Data:
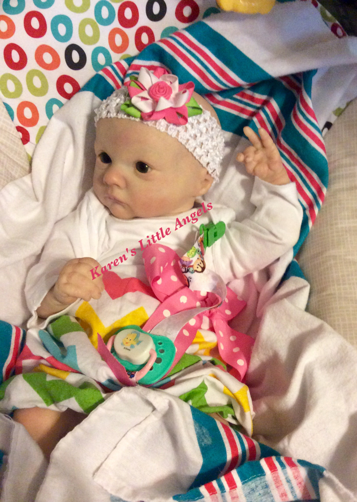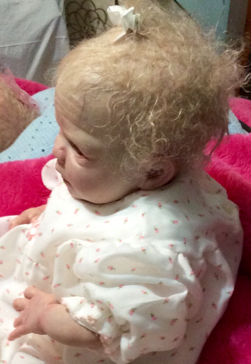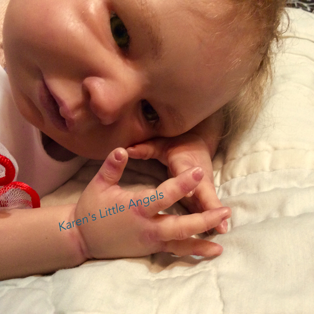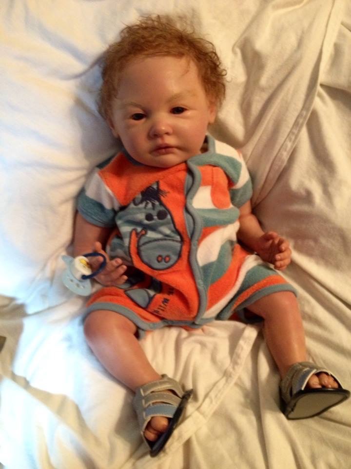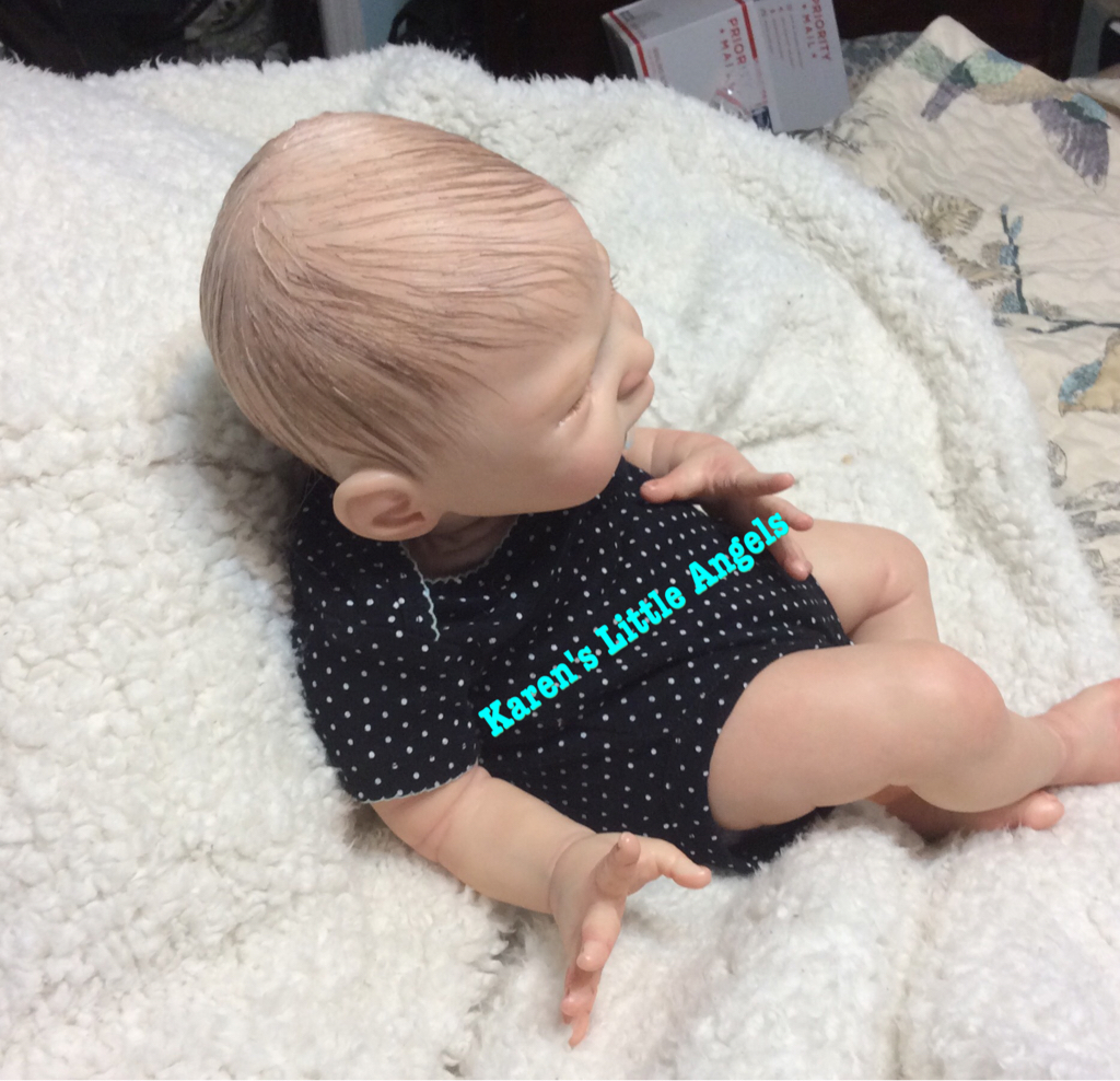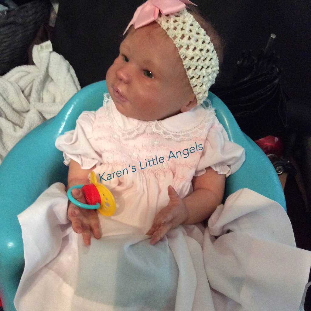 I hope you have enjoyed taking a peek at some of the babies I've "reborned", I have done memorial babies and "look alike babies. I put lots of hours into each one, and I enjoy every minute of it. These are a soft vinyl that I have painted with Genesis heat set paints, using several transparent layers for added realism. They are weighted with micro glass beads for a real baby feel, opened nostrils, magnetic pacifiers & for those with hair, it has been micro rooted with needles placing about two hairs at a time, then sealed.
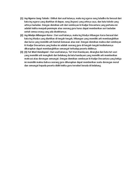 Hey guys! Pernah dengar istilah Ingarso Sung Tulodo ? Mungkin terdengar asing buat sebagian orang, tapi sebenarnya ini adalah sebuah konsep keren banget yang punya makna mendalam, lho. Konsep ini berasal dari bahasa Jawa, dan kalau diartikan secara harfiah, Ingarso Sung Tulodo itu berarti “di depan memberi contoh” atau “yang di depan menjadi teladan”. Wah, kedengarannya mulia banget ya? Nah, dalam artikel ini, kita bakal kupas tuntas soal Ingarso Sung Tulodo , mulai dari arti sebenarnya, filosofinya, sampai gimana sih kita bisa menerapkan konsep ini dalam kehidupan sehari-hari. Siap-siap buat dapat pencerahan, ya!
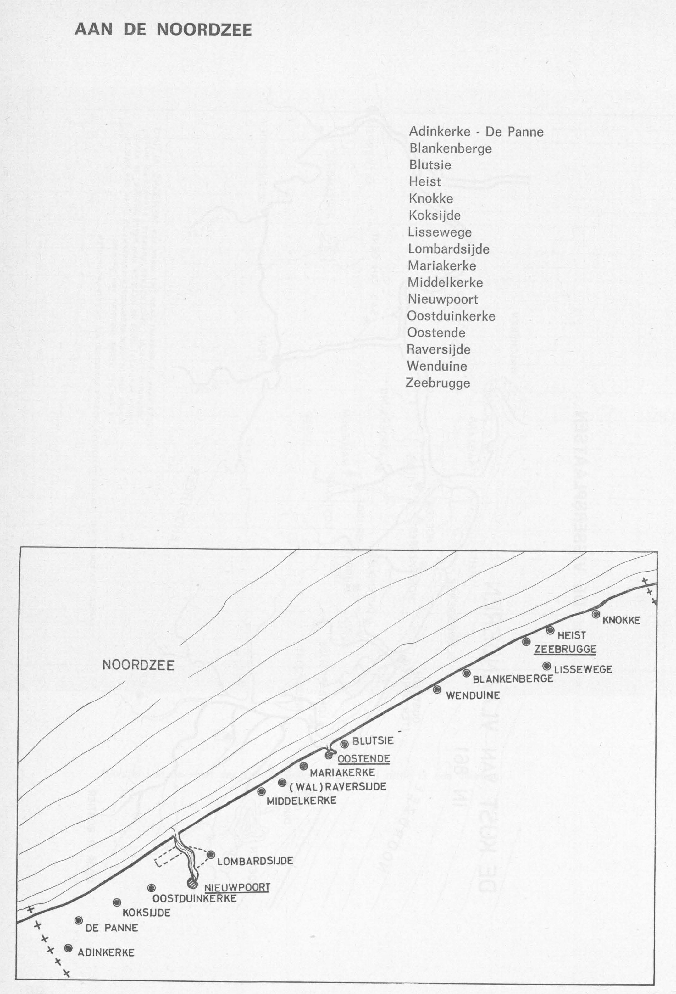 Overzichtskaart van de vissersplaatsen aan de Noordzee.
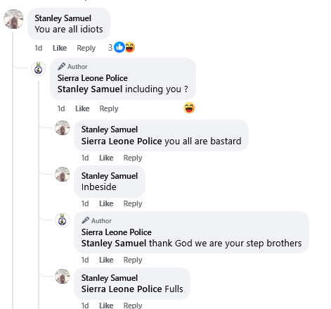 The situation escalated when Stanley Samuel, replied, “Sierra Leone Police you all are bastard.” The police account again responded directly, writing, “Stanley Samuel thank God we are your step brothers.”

Task description: Word for word, print all of the data; skip the pictures.

Solution for this exercise:
 I hope you have enjoyed taking a peek at some of the babies I've "reborned", I have done memorial babies and "look alike babies. I put lots of hours into each one, and I enjoy every minute of it. These are a soft vinyl that I have painted with Genesis heat set paints, using several transparent layers for added realism. They are weighted with micro glass beads for a real baby feel, opened nostrils, magnetic pacifiers & for those with hair, it has been micro rooted with needles placing about two hairs at a time, then sealed.
 Hey guys! Pernah dengar istilah Ingarso Sung Tulodo ? Mungkin terdengar asing buat sebagian orang, tapi sebenarnya ini adalah sebuah konsep keren banget yang punya makna mendalam, lho. Konsep ini berasal dari bahasa Jawa, dan kalau diartikan secara harfiah, Ingarso Sung Tulodo itu berarti “di depan memberi contoh” atau “yang di depan menjadi teladan”. Wah, kedengarannya mulia banget ya? Nah, dalam artikel ini, kita bakal kupas tuntas soal Ingarso Sung Tulodo , mulai dari arti sebenarnya, filosofinya, sampai gimana sih kita bisa menerapkan konsep ini dalam kehidupan sehari-hari. Siap-siap buat dapat pencerahan, ya!
 Overzichtskaart van de vissersplaatsen aan de Noordzee.
 The situation escalated when Stanley Samuel, replied, “Sierra Leone Police you all are bastard.” The police account again responded directly, writing, “Stanley Samuel thank God we are your step brothers.”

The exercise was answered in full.